Input data ->
□ □ □
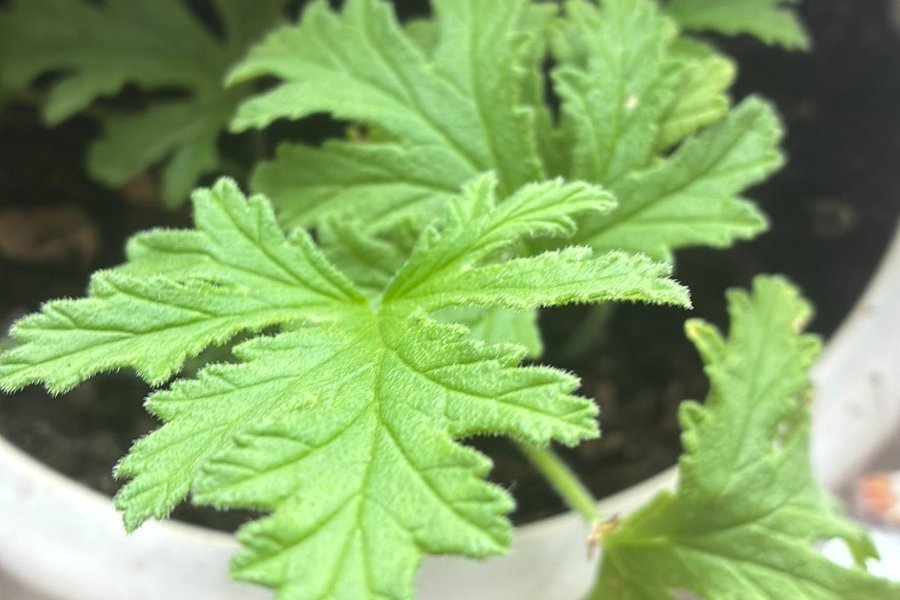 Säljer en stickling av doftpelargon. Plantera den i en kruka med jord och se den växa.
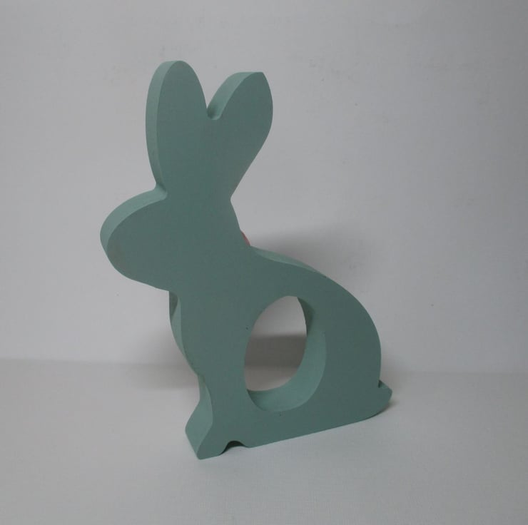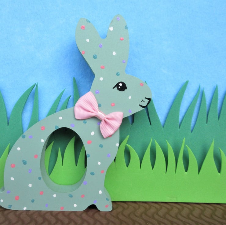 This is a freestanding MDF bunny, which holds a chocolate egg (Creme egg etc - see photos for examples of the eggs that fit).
□ □ □
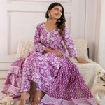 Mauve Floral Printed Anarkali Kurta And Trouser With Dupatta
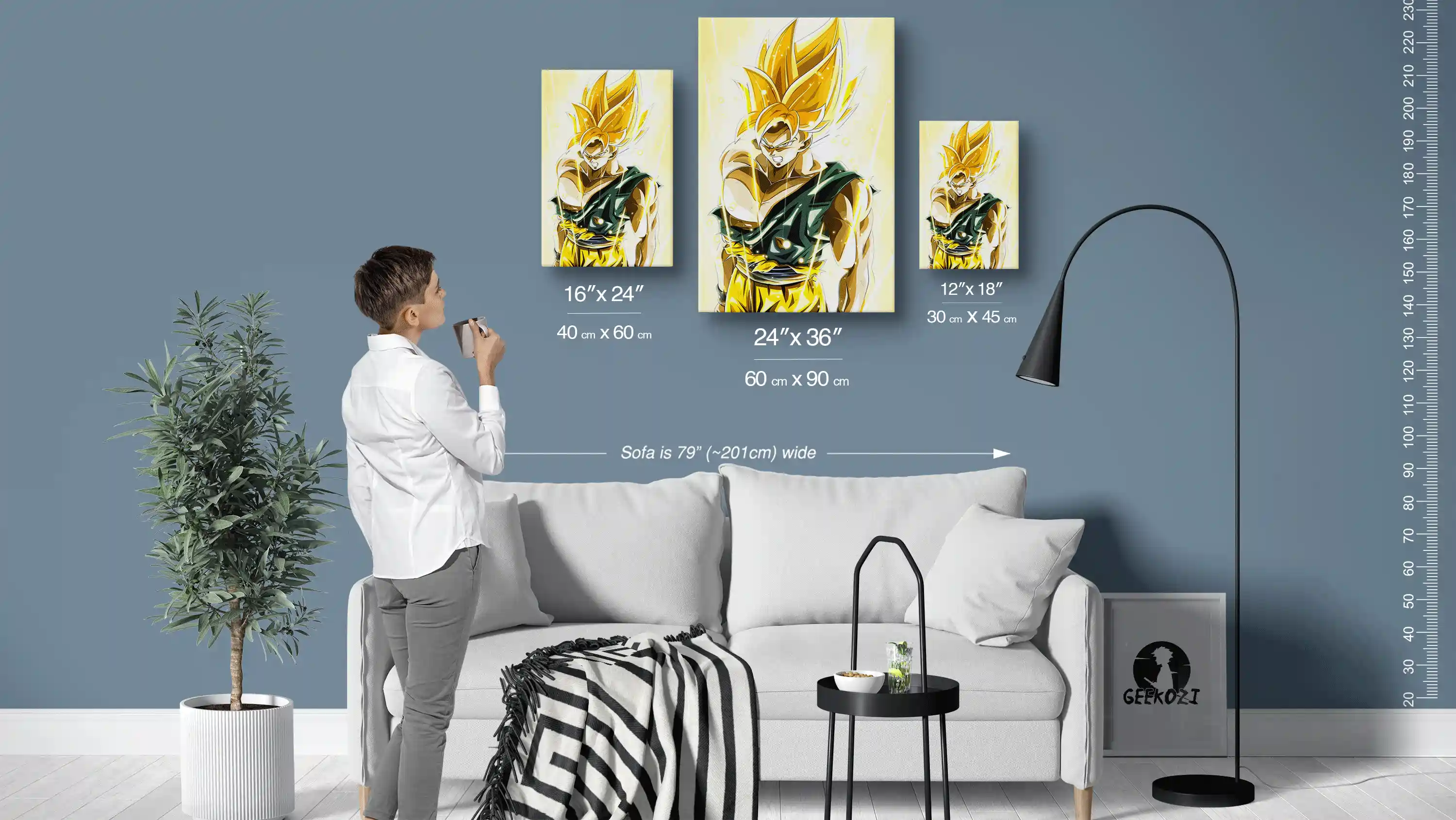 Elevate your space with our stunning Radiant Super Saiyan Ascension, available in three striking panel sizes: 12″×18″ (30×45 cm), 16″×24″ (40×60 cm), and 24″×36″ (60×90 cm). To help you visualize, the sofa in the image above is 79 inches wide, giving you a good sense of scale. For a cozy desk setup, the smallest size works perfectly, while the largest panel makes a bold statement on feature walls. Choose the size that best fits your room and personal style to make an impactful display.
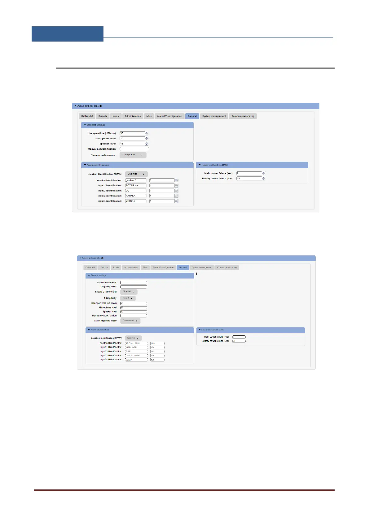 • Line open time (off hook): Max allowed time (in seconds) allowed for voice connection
□ □ □
Look above for the line with "Mauve Floral Printed" and the line with "for voice connection"; set down those two lines and all lines between them exactly, without pictures and without anything else.

 Mauve Floral Printed Anarkali Kurta And Trouser With Dupatta
 Elevate your space with our stunning Radiant Super Saiyan Ascension, available in three striking panel sizes: 12″×18″ (30×45 cm), 16″×24″ (40×60 cm), and 24″×36″ (60×90 cm). To help you visualize, the sofa in the image above is 79 inches wide, giving you a good sense of scale. For a cozy desk setup, the smallest size works perfectly, while the largest panel makes a bold statement on feature walls. Choose the size that best fits your room and personal style to make an impactful display.
 • Line open time (off hook): Max allowed time (in seconds) allowed for voice connection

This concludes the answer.